> [Data records]
###
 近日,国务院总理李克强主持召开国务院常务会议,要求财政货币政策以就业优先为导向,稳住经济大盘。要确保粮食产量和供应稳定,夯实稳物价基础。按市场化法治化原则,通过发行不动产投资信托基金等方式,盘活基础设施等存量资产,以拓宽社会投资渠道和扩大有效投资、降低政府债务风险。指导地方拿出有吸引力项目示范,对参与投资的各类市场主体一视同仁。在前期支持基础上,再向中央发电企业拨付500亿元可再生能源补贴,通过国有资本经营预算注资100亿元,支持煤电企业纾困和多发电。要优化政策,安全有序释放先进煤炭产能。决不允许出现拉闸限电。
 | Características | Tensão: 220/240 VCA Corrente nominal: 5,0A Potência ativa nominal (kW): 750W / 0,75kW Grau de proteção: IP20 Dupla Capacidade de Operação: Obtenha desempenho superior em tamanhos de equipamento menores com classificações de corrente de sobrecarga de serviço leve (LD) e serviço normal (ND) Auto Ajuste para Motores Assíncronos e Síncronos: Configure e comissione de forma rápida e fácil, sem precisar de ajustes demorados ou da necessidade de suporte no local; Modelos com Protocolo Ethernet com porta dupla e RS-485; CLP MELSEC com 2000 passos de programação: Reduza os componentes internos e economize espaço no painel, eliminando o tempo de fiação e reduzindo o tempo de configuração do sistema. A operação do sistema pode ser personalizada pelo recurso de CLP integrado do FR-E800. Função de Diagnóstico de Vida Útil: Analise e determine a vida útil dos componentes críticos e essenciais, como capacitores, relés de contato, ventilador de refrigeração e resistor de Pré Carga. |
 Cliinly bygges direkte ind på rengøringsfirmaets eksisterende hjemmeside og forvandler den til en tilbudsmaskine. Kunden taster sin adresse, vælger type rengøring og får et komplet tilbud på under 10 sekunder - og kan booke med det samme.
###
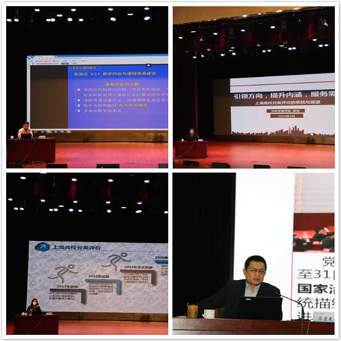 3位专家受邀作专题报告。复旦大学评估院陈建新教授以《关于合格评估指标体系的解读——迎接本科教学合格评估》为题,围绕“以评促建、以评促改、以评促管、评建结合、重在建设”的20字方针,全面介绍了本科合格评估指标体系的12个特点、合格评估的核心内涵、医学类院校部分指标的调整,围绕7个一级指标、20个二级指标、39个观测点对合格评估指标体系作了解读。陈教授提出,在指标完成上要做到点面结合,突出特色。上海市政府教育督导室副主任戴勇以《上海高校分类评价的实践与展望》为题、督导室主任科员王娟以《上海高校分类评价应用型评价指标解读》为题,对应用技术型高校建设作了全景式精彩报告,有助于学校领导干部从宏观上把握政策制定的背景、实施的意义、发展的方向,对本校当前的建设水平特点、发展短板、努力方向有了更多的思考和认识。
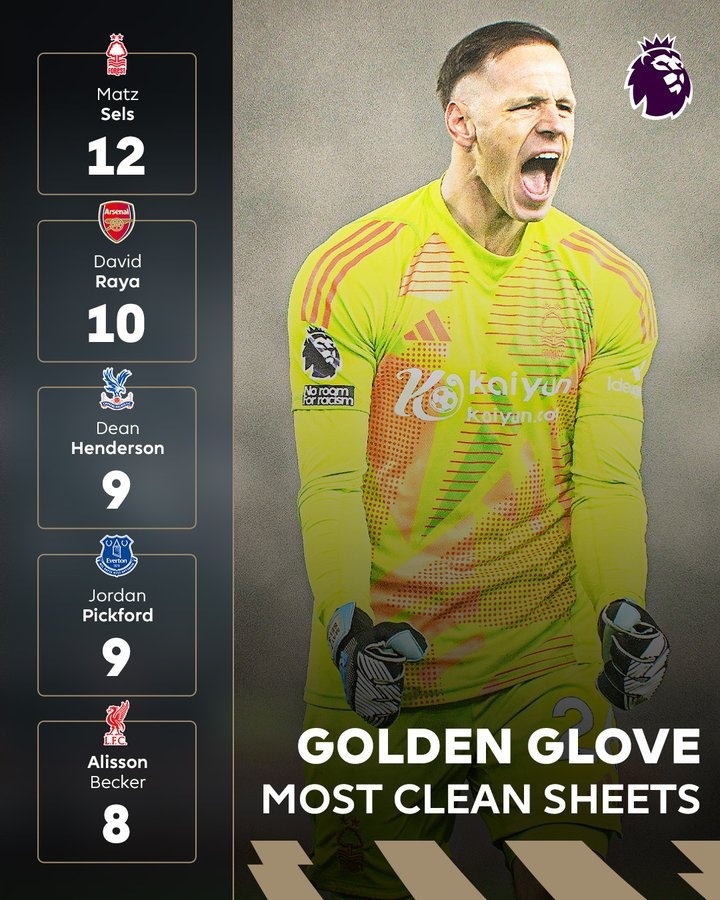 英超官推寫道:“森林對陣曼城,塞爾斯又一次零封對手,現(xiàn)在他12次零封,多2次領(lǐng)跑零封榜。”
###
> [Aim of the exercise]
Among the entries above, the line containing "近日,国务院总理李克强主持召", the line containing "Cliinly bygges direkte", and all lines between them are to be restated word for word; nothing else belongs in the reply.

> [Response area]
 近日,国务院总理李克强主持召开国务院常务会议,要求财政货币政策以就业优先为导向,稳住经济大盘。要确保粮食产量和供应稳定,夯实稳物价基础。按市场化法治化原则,通过发行不动产投资信托基金等方式,盘活基础设施等存量资产,以拓宽社会投资渠道和扩大有效投资、降低政府债务风险。指导地方拿出有吸引力项目示范,对参与投资的各类市场主体一视同仁。在前期支持基础上,再向中央发电企业拨付500亿元可再生能源补贴,通过国有资本经营预算注资100亿元,支持煤电企业纾困和多发电。要优化政策,安全有序释放先进煤炭产能。决不允许出现拉闸限电。
 | Características | Tensão: 220/240 VCA Corrente nominal: 5,0A Potência ativa nominal (kW): 750W / 0,75kW Grau de proteção: IP20 Dupla Capacidade de Operação: Obtenha desempenho superior em tamanhos de equipamento menores com classificações de corrente de sobrecarga de serviço leve (LD) e serviço normal (ND) Auto Ajuste para Motores Assíncronos e Síncronos: Configure e comissione de forma rápida e fácil, sem precisar de ajustes demorados ou da necessidade de suporte no local; Modelos com Protocolo Ethernet com porta dupla e RS-485; CLP MELSEC com 2000 passos de programação: Reduza os componentes internos e economize espaço no painel, eliminando o tempo de fiação e reduzindo o tempo de configuração do sistema. A operação do sistema pode ser personalizada pelo recurso de CLP integrado do FR-E800. Função de Diagnóstico de Vida Útil: Analise e determine a vida útil dos componentes críticos e essenciais, como capacitores, relés de contato, ventilador de refrigeração e resistor de Pré Carga. |
 Cliinly bygges direkte ind på rengøringsfirmaets eksisterende hjemmeside og forvandler den til en tilbudsmaskine. Kunden taster sin adresse, vælger type rengøring og får et komplet tilbud på under 10 sekunder - og kan booke med det samme.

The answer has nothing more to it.